_What you are asked to do_:
Reproduce the records word for word, leaving out any pictures they hold.

Stored records:
###

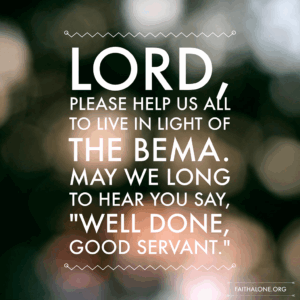 Lord, please help us all to live in light of the Bema. May we long to hear You say, “Well done, good servant.”
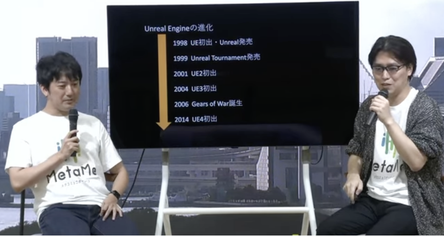 プレゼンテーションの後、株式会社Indie-us Gamesの中村氏と株式会社ヒストリアの佐々木氏による、「Unreal Engineとコミュニティ」というテーマでトークセッションが行われました。セッションでは、初版「Unreal Engine」から現在に至るまでの歴史と広がりについて議論されました。
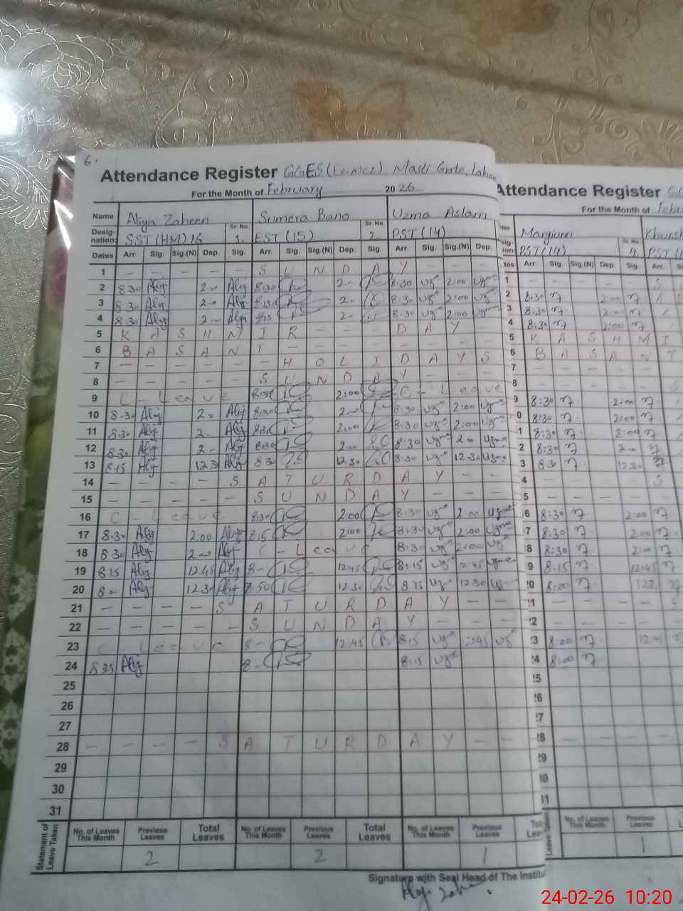 | 35**** | Kh**** Kh**** | PST Arts | Regular | 0 | 0 | 31 | 0 | 0 | 0 | 0 | 0 | 0 | Absent (Un-Authorized) |
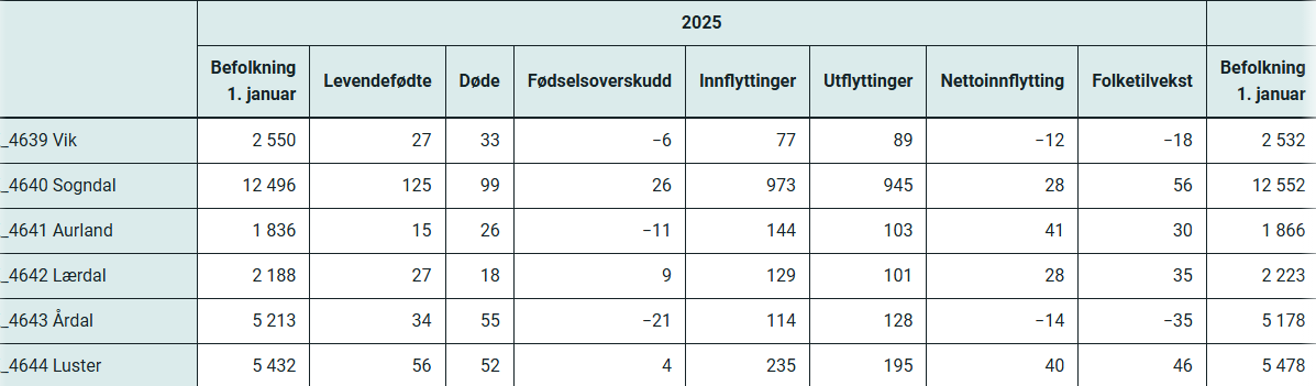 Også Aurland kommune hadde svært god folketalsutvikling i 2025. Statistikken for Luster og Sogndal syner også god folketalsauke, medan det var noko nedgang i Årdal og Vik:
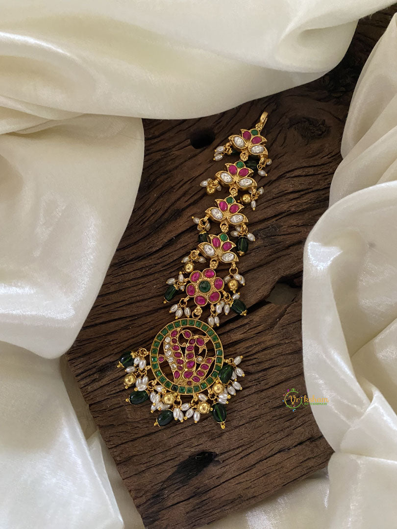 Precious Kundan Jadau Peacock Maang Tikka -Green Bead and Pearls - a symbol of cultural beauty and sophistication. This remarkable piece showcases intricate design and delicate floral motifs embellished with shining crystals, beads, or pearls. Elevate your look with its subtle charm and romantic allure, making it the perfect addition to any ensemble.
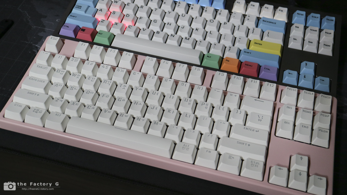 나름 나쁘지않은 구성을 자랑하는 키보드입니다. 핑크색의 프레임 또한 잘 어울리는 편입니다.
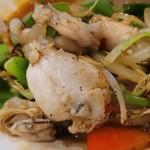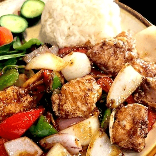 Fried cube salmon stir-fried with house special sauce served with rice and vegetables.
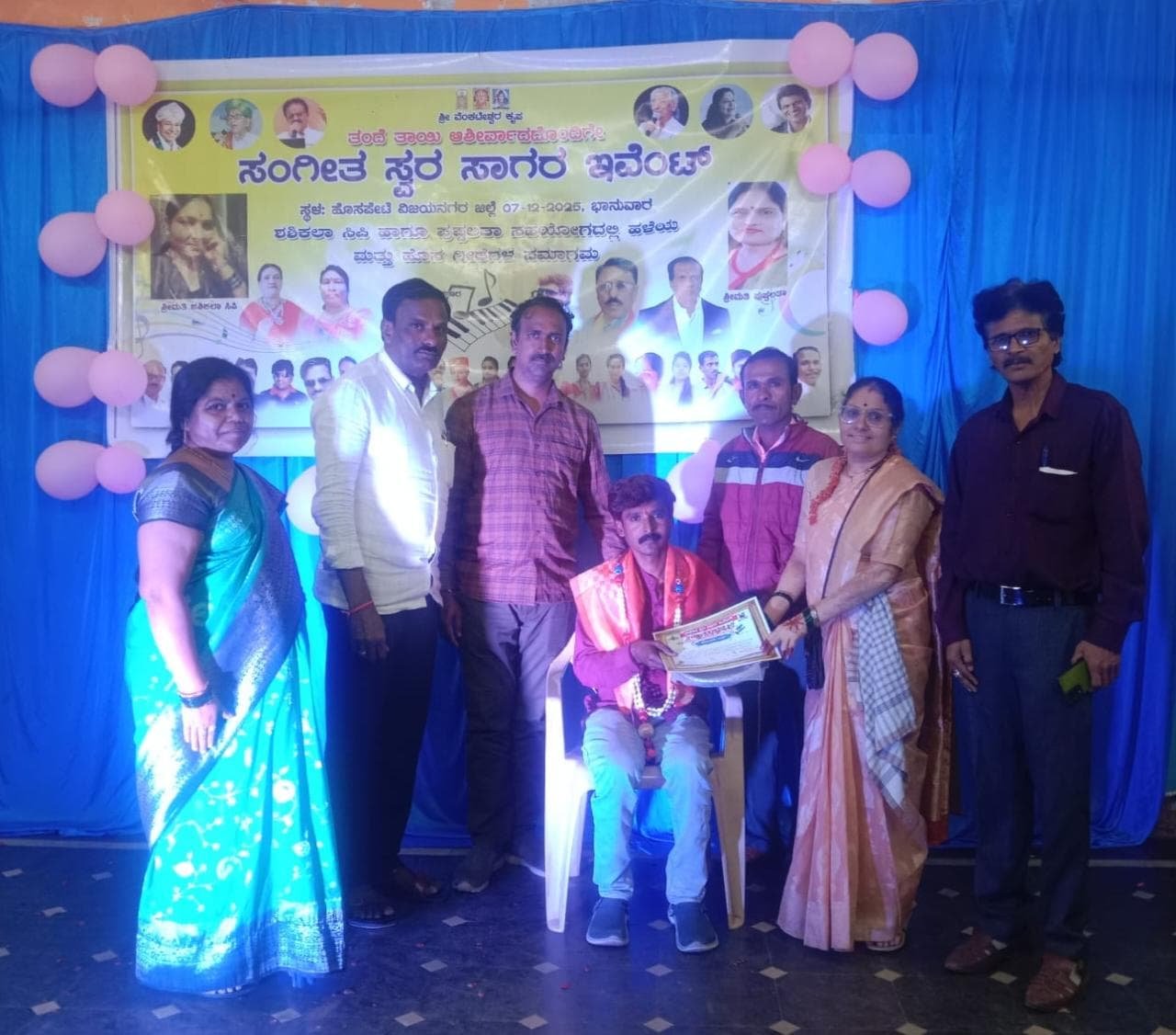 ಹೊಸಪೇಟೆ,08 : ನಗರದ ಸರ್ಕಾರಿ ನೌಕರರ ಭವನದಲ್ಲಿ ಸಂಗೀತ ಸ್ವರ ಸಾಗರ ಇವೆಂಟ್ ನೋಡುಗರ ಮನರಂಜಿಸಿತು. ಸಿ.ಪಿ.ಶಶಿಕಲಾ ಮತು ಪುಷ್ಪಲತಾ ಇವರ ಸಹಯೋಗದಲ್ಲಿ ಹಳೆಯ ಮತ್ತು ಹೊಸ ಕನ್ನಡ ಗೀತೆಗಳ ಗಾಯನ ಸಮಾಗಮ ನಡೆಯಿತು ರಾಜ್ಯದ ಬೆಂಗಳೂರು, ಮಂಗಳೂರು, ಬಾಗಲಕೋಟೆ, ಧಾರವಾಡ, ಬಳ್ಳಾರಿ, ಕೊಪ್ಪಳ, ರಾಯಚೂರು, ಮತ್ತು ಸ್ಥಳೀಯ ವಿಜಯನಗರ ಜಿಲ್ಲೆಯಿಂದ ಗಾಯಕರುಆಗಮಿಸಿ ಕನ್ನಡದ ಡಾ.ರಾಜಕುಮಾರ, ವಿಷ್ಣುವರ್ಧನ, ಅಂಬರೀಶ ಸೇರಿದಂತೆ ಈಗಿನ ಹೊಸ ನಟರ ಹಳೆಯ ಮತ್ತು ಹೊಸ ಗೀತೆಗಳನ್ನು ಹಾಡಿ ನೋಡುಗರ ಮನರಂಜಿಸಿದರು ಗೀತೆಗಳನ್ನು ಹಾಡಿದ ಗಾಯಕರಿಗೆ ಪ್ರೆಸ್ ಕ್ಲಬ್ ನ ಜಿಲ್ಲಾಧ್ಯಕ್ಷ ಪ್ರಕಾಶ್ ಕಾಕುಬಾಳು ಹಾಗು ಸಿ.ಪಿ.ಶಶಿಕಲಾ ಅವರು ಪ್ರಮಾಣಪತ್ರಗಳನ್ನು ವಿತರಿಸಿದರು ಈ ಸಂದರ್ಭದಲ್ಲಿ ನಿರೂಪಣೆ ಕಾರ್ಯಕ್ರಮವನ್ನು ಅಚ್ಚುಕಟ್ಟಾಗಿ ನಿರ್ವಹಿಸಿದ ಕೊಪ್ಪಳ ತಾಲೂಕು ಕುಂಬಾರ ಸಮಾಜದ ಅಧ್ಯಕ್ಷ ಡಾ.ಅಮರೇಶ ಕುಂಬಾರ.ಇಂಧರಗಿ ಇವರಿಗೆ ಸನ್ಮಾನಿಸಿ ಗೌರವಿಸಿದರು ಮತ್ತು ಸಂತೋಷ್ ಕಾರ್ಯಕ್ರಮ ನಿರ್ವಹಿಸಿದರು.
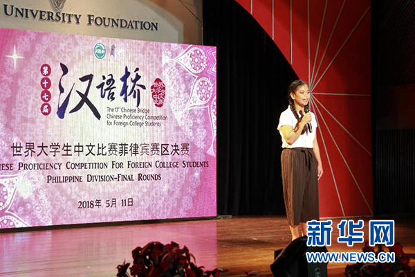5月11日,在菲律賓安赫萊斯市,此次比賽的冠軍安梓彤在演講。第17屆“漢語橋”世界大學(xué)生中文比賽菲律賓賽區(qū)決賽11日在菲律賓安赫萊斯市舉行。 新華社發(fā)(董成文攝)
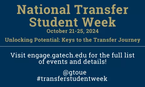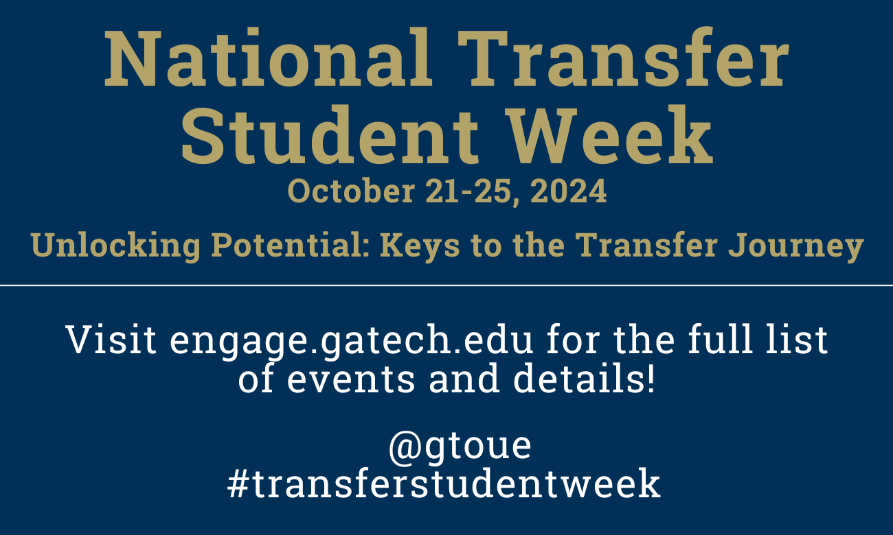 National Transfer Student Week Main Celebration Wednesday October 23, 2024 6:00PM - 8:00PM Contact Information transfersuccess@gatech.edu Location Marcus Nanotechnology Building, Conference Rooms (1116-1118) Event time Wed, 10/23/2024 - 18:00 - Wed, 10/23/2024 - 20:00 National Transfer Student Week Main Celebration Join fellow transfer students as we celebrate YOU!!! We will have food, games, and giveaways for attendees as you socialize with one another. Related Link Engage Event Page
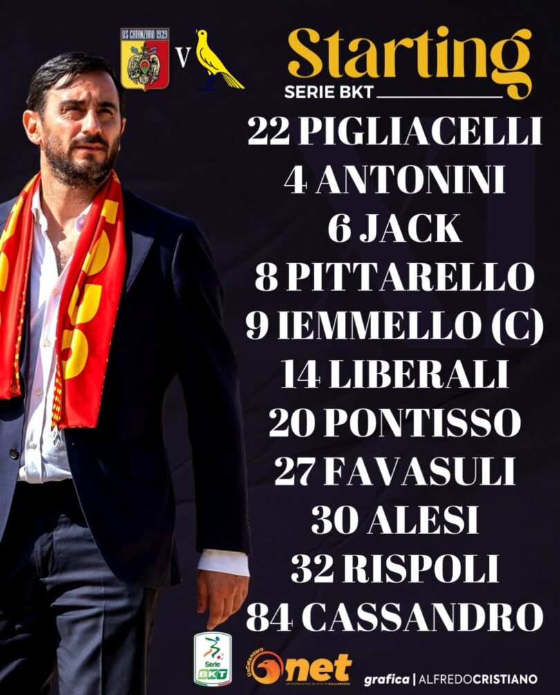 CATANZARO (3-4-2-1): 22 Pigliacelli; 6 Fellipe Jack, 4 Antonini, 84 Cassandro; 27 Favasuli, 20 Pontisso, 32 Rispoli, 30 Alesi; 14 Liberali; 9 Iemmello; 8 Pittarello A disposizione: 1 Marietta, 2 Esteves, 5 Bashi, Verrengia 62 Frosinini, 26 Verrengia, 21 Pompetti, 28 Oudin, 98 Buglio; 39 Koffi; 81 Ardizzone. Allenatore: Aquilani
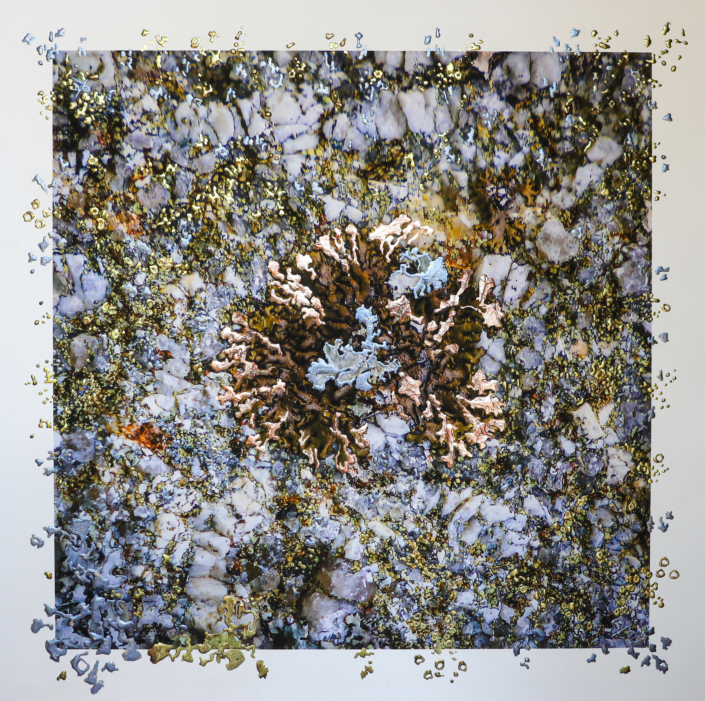 Inspired by lichen flourishing on a granite boulder in Tasmania. Granite Garden II reveals an intricate circular form that appears part flower, part coral, part evolving landscape.
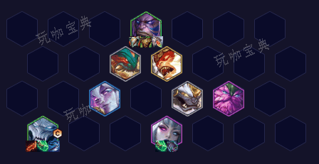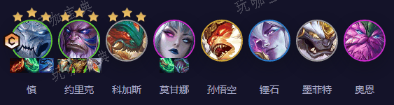 阵容基石角色包括慎、约里克、科加斯、莫甘娜、孙悟空、锤石、墨菲特和奥恩,他们共同构建了一个具有多重羁绊协同作用的坚实阵型。
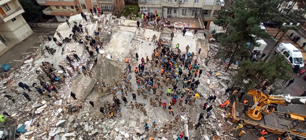 Diyarbakır (AA)Çöken binaların enkazına ulaşan ekipler, arama kurtarma çalışması başlattı.

###

_Completed exercise_:
 Lord, please help us all to live in light of the Bema. May we long to hear You say, “Well done, good servant.”
 プレゼンテーションの後、株式会社Indie-us Gamesの中村氏と株式会社ヒストリアの佐々木氏による、「Unreal Engineとコミュニティ」というテーマでトークセッションが行われました。セッションでは、初版「Unreal Engine」から現在に至るまでの歴史と広がりについて議論されました。
 | 35**** | Kh**** Kh**** | PST Arts | Regular | 0 | 0 | 31 | 0 | 0 | 0 | 0 | 0 | 0 | Absent (Un-Authorized) |
 Også Aurland kommune hadde svært god folketalsutvikling i 2025. Statistikken for Luster og Sogndal syner også god folketalsauke, medan det var noko nedgang i Årdal og Vik:
 Precious Kundan Jadau Peacock Maang Tikka -Green Bead and Pearls - a symbol of cultural beauty and sophistication. This remarkable piece showcases intricate design and delicate floral motifs embellished with shining crystals, beads, or pearls. Elevate your look with its subtle charm and romantic allure, making it the perfect addition to any ensemble.
 나름 나쁘지않은 구성을 자랑하는 키보드입니다. 핑크색의 프레임 또한 잘 어울리는 편입니다.
 Fried cube salmon stir-fried with house special sauce served with rice and vegetables.
 ಹೊಸಪೇಟೆ,08 : ನಗರದ ಸರ್ಕಾರಿ ನೌಕರರ ಭವನದಲ್ಲಿ ಸಂಗೀತ ಸ್ವರ ಸಾಗರ ಇವೆಂಟ್ ನೋಡುಗರ ಮನರಂಜಿಸಿತು. ಸಿ.ಪಿ.ಶಶಿಕಲಾ ಮತು ಪುಷ್ಪಲತಾ ಇವರ ಸಹಯೋಗದಲ್ಲಿ ಹಳೆಯ ಮತ್ತು ಹೊಸ ಕನ್ನಡ ಗೀತೆಗಳ ಗಾಯನ ಸಮಾಗಮ ನಡೆಯಿತು ರಾಜ್ಯದ ಬೆಂಗಳೂರು, ಮಂಗಳೂರು, ಬಾಗಲಕೋಟೆ, ಧಾರವಾಡ, ಬಳ್ಳಾರಿ, ಕೊಪ್ಪಳ, ರಾಯಚೂರು, ಮತ್ತು ಸ್ಥಳೀಯ ವಿಜಯನಗರ ಜಿಲ್ಲೆಯಿಂದ ಗಾಯಕರುಆಗಮಿಸಿ ಕನ್ನಡದ ಡಾ.ರಾಜಕುಮಾರ, ವಿಷ್ಣುವರ್ಧನ, ಅಂಬರೀಶ ಸೇರಿದಂತೆ ಈಗಿನ ಹೊಸ ನಟರ ಹಳೆಯ ಮತ್ತು ಹೊಸ ಗೀತೆಗಳನ್ನು ಹಾಡಿ ನೋಡುಗರ ಮನರಂಜಿಸಿದರು ಗೀತೆಗಳನ್ನು ಹಾಡಿದ ಗಾಯಕರಿಗೆ ಪ್ರೆಸ್ ಕ್ಲಬ್ ನ ಜಿಲ್ಲಾಧ್ಯಕ್ಷ ಪ್ರಕಾಶ್ ಕಾಕುಬಾಳು ಹಾಗು ಸಿ.ಪಿ.ಶಶಿಕಲಾ ಅವರು ಪ್ರಮಾಣಪತ್ರಗಳನ್ನು ವಿತರಿಸಿದರು ಈ ಸಂದರ್ಭದಲ್ಲಿ ನಿರೂಪಣೆ ಕಾರ್ಯಕ್ರಮವನ್ನು ಅಚ್ಚುಕಟ್ಟಾಗಿ ನಿರ್ವಹಿಸಿದ ಕೊಪ್ಪಳ ತಾಲೂಕು ಕುಂಬಾರ ಸಮಾಜದ ಅಧ್ಯಕ್ಷ ಡಾ.ಅಮರೇಶ ಕುಂಬಾರ.ಇಂಧರಗಿ ಇವರಿಗೆ ಸನ್ಮಾನಿಸಿ ಗೌರವಿಸಿದರು ಮತ್ತು ಸಂತೋಷ್ ಕಾರ್ಯಕ್ರಮ ನಿರ್ವಹಿಸಿದರು.
5月11日,在菲律賓安赫萊斯市,此次比賽的冠軍安梓彤在演講。第17屆“漢語橋”世界大學(xué)生中文比賽菲律賓賽區(qū)決賽11日在菲律賓安赫萊斯市舉行。 新華社發(fā)(董成文攝)
 National Transfer Student Week Main Celebration Wednesday October 23, 2024 6:00PM - 8:00PM Contact Information transfersuccess@gatech.edu Location Marcus Nanotechnology Building, Conference Rooms (1116-1118) Event time Wed, 10/23/2024 - 18:00 - Wed, 10/23/2024 - 20:00 National Transfer Student Week Main Celebration Join fellow transfer students as we celebrate YOU!!! We will have food, games, and giveaways for attendees as you socialize with one another. Related Link Engage Event Page
 CATANZARO (3-4-2-1): 22 Pigliacelli; 6 Fellipe Jack, 4 Antonini, 84 Cassandro; 27 Favasuli, 20 Pontisso, 32 Rispoli, 30 Alesi; 14 Liberali; 9 Iemmello; 8 Pittarello A disposizione: 1 Marietta, 2 Esteves, 5 Bashi, Verrengia 62 Frosinini, 26 Verrengia, 21 Pompetti, 28 Oudin, 98 Buglio; 39 Koffi; 81 Ardizzone. Allenatore: Aquilani
 Inspired by lichen flourishing on a granite boulder in Tasmania. Granite Garden II reveals an intricate circular form that appears part flower, part coral, part evolving landscape.
 阵容基石角色包括慎、约里克、科加斯、莫甘娜、孙悟空、锤石、墨菲特和奥恩,他们共同构建了一个具有多重羁绊协同作用的坚实阵型。
 Diyarbakır (AA)Çöken binaların enkazına ulaşan ekipler, arama kurtarma çalışması başlattı.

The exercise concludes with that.